Mr. Robert L. Mundy, who came to Roark’s office in March, had been sent by Austen Heller. Mr. Mundy’s voice and hair were gray as steel, but his eyes were blue, gentle and wistful. He wanted to build a house in Connecticut, and he spoke of it tremulously, like a young bridegroom and like a man groping for his last, secret goal.
“It’s not just a house, Mr. Roark,” he said with timid diffidence, as if he were speaking to a man older and more prominent than himself, “it’s like ... like a symbol to me. It’s what I’ve been waiting and working for all these years. It’s so many years now.... I must tell you this, so you’ll understand. I have a great deal of money now, more than I care to think about. I didn’t always have it. Maybe it came too late. I don’t know. Young people think that you forget what happens on the way when you get there. But you don’t. Something stays. I’ll always remember how I was a boy—in a little place down in Georgia, that was—and how I ran errands for the harness maker, and the kids laughed when carriages drove by and splashed mud all over my pants. That’s how long ago I decided that some day I’d have a house of my own, the kind of a house that carriages stop before. After that, no matter how hard it got to be at times, I’d always think of that house, and it helped. Afterward, there were years when I was afraid of it—I could have built it, but I was afraid. Well, now the time has come. Do you understand, Mr. Roark? Austen said you’d be just the man who’d understand.”

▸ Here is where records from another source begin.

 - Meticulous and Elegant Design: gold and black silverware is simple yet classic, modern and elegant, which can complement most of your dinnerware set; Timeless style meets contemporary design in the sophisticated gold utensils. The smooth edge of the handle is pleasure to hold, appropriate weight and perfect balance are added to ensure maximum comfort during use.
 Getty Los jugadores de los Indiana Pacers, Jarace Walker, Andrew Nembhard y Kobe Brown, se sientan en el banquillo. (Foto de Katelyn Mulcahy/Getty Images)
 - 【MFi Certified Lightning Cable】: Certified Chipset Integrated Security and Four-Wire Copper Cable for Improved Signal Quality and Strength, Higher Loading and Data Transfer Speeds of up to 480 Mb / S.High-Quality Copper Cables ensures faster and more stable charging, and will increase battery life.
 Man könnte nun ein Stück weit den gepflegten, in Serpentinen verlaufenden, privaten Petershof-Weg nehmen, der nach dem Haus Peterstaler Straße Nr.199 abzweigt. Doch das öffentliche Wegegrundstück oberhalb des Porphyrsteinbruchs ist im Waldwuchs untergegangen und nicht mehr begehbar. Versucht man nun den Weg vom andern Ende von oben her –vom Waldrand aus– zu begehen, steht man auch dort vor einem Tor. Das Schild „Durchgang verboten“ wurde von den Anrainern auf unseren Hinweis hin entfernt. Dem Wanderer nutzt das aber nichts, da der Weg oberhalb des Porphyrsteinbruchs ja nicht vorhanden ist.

“Yes,” said Roark eagerly, “I do.”
“There was a place,” said Mr. Mundy, “down there, near my home town. The mansion of the whole county. The Randolph place. An old plantation house, as they don’t build them any more. I used to deliver things there sometimes, at the back door. That’s the house I want, Mr. Roark. Just like it. But not back there in Georgia. I don’t want to go back. Right here, near the city. I’ve bought the land. You must help me to have it landscaped just like the Randolph place. We’ll plant trees and shrubs, the kind they have in Georgia, the flowers and everything. We’ll find a way to make them grow. I don’t care how much it costs. Of course, we’ll have electric lights and garages now, not carriages. But I want the electric lights made like candles and I want the garages to look like the stables. Everything, just as it was. I have photographs of the Randolph place. And I’ve bought some of their old furniture.”
When Roark began to speak Mr. Mundy listened, in polite astonishment. He did not seem to resent the words. They did not penetrate.

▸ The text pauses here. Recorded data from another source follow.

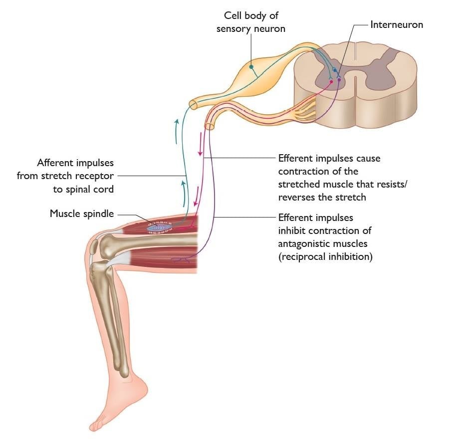 - muşchii hipotoni (agoniştii) se întind progresiv în timpul contracţiei antagonistului, şi ca urmare, la finalul mişcării (când sunt maxim întinşi) vor fi facilitaţi prin impulsuri provenite de la nivelul fusului muscular (de la receptorul secundar Ruffini).
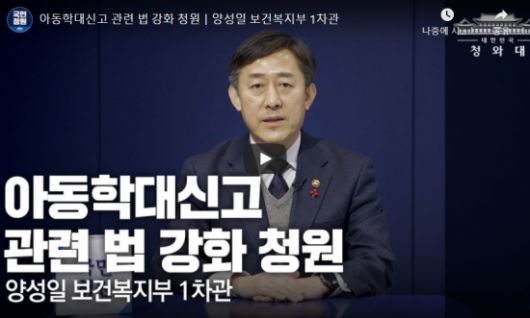 지난 10월 제기된 이번 청원은 생후 16개월에 불과한 영아가 양부모로부터 장기간 학대를 당해 숨진 사건과 관련해 '여러 차례의 신고에도 불구하고 아동이 보호받지 못하고 세상을 떠나는 일이 다시는 일어나지 않도록, 피해아동을 즉시 분리해 보호할 수 있는 법을 마련해 달라'는 취지로 제기됐다. 청원에는 약 20만8000명의 국민이 동의했다.
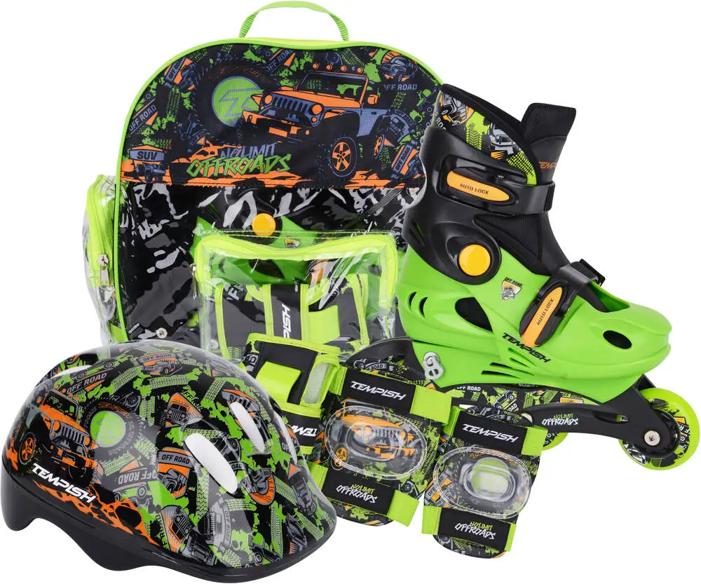 Tempish enables children to get into inline skating in the safest way possible. This complete set brings them a pair of size-adjustable skates, a helmet, elbow- and knee protectors, and also wristguards.
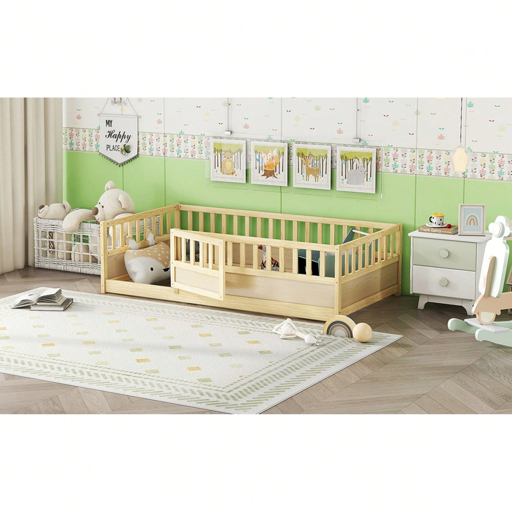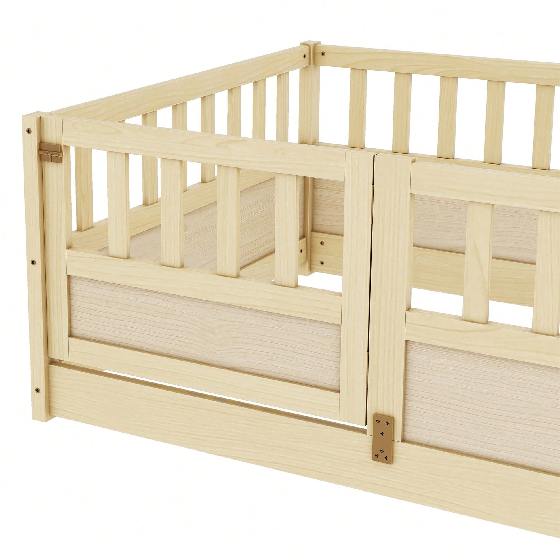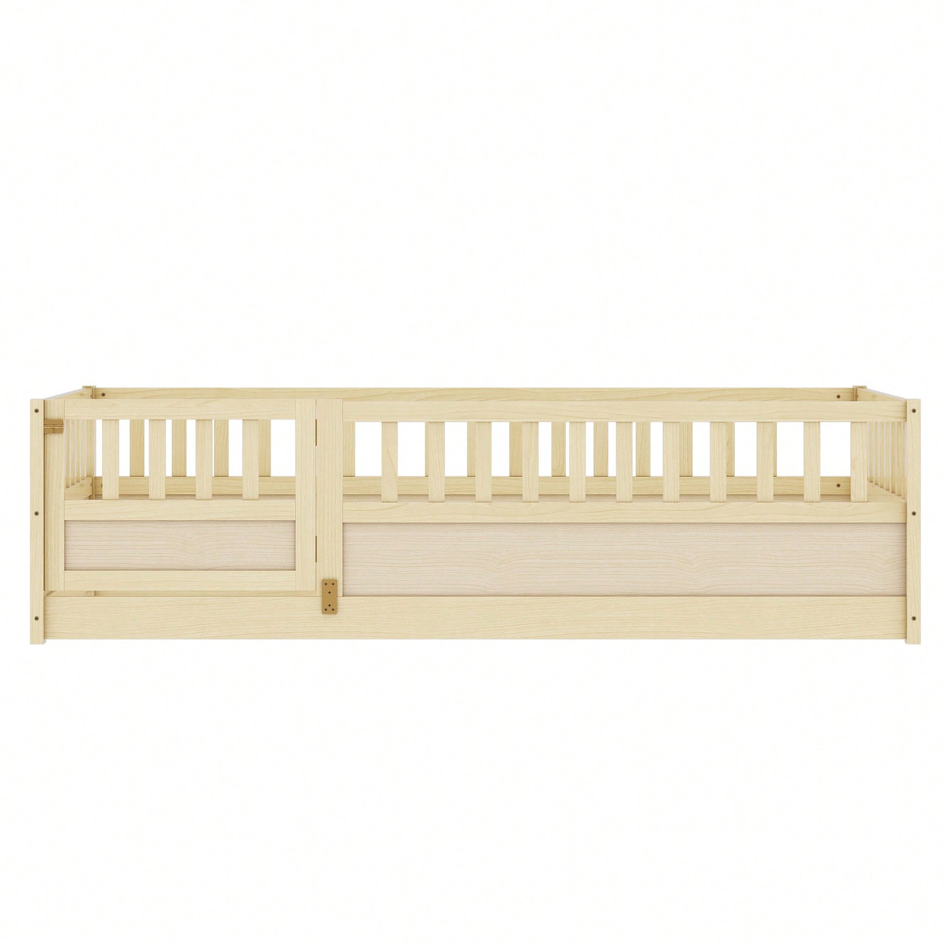 Montessori Twin Size Floor Bed With High Security Barrier And Door - Natural Wood Children's Bed Frame

“Don’t you see?” Roark was saying. “It’s a monument you want to build, but not to yourself. Not to your life or your own achievement. To other people. To their supremacy over you. You’re not challenging that supremacy. You’re immortalizing it. You haven’t thrown it off—you’re putting it up forever. Will you be happy if you seal yourself for the rest of your life in that borrowed shape? Or if you strike free, for once, and build a new house, your own? You don’t want the Randolph place. You want what it stood for. But what it stood for is what you’ve fought all your life.”